═══ Material provided ═══

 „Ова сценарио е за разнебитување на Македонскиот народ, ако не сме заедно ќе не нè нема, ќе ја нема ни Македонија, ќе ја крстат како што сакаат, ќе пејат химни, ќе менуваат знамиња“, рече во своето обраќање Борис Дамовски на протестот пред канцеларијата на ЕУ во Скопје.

═══
═══ Material provided ═══

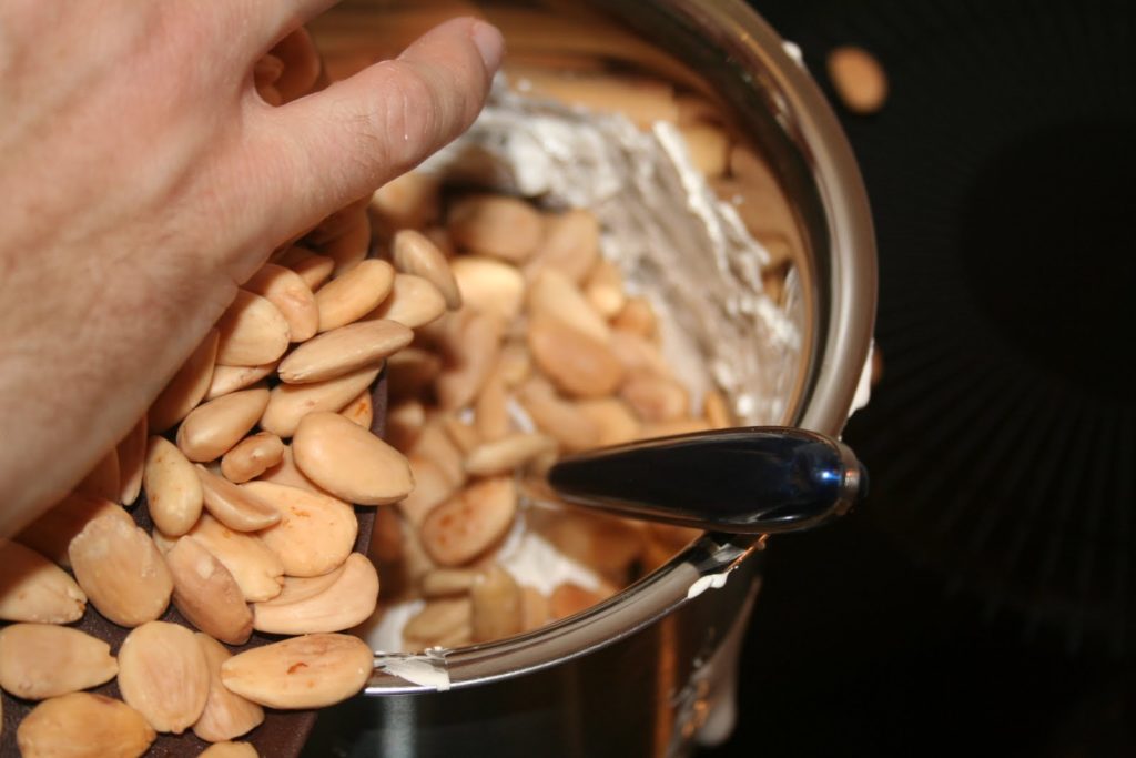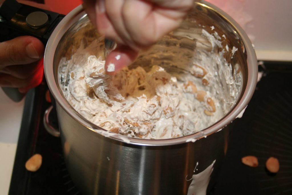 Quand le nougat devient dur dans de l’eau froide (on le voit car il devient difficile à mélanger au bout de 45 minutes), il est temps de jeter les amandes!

═══
═══ Material provided ═══

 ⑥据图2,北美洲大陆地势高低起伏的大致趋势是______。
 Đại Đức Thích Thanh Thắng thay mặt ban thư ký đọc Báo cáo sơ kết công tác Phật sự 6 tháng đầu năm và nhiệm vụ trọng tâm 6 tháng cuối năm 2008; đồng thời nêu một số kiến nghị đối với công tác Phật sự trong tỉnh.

═══

— What the task asks —
Of the entries listed above, reproduce only the lines starting at the line containing "⑥据图2,北美洲大陆地势高低起伏的大致趋势是______。" and ending at the line containing "Đại Đức Thích". Include both, exactly as they stand.

— Solution below —
 ⑥据图2,北美洲大陆地势高低起伏的大致趋势是______。
 Đại Đức Thích Thanh Thắng thay mặt ban thư ký đọc Báo cáo sơ kết công tác Phật sự 6 tháng đầu năm và nhiệm vụ trọng tâm 6 tháng cuối năm 2008; đồng thời nêu một số kiến nghị đối với công tác Phật sự trong tỉnh.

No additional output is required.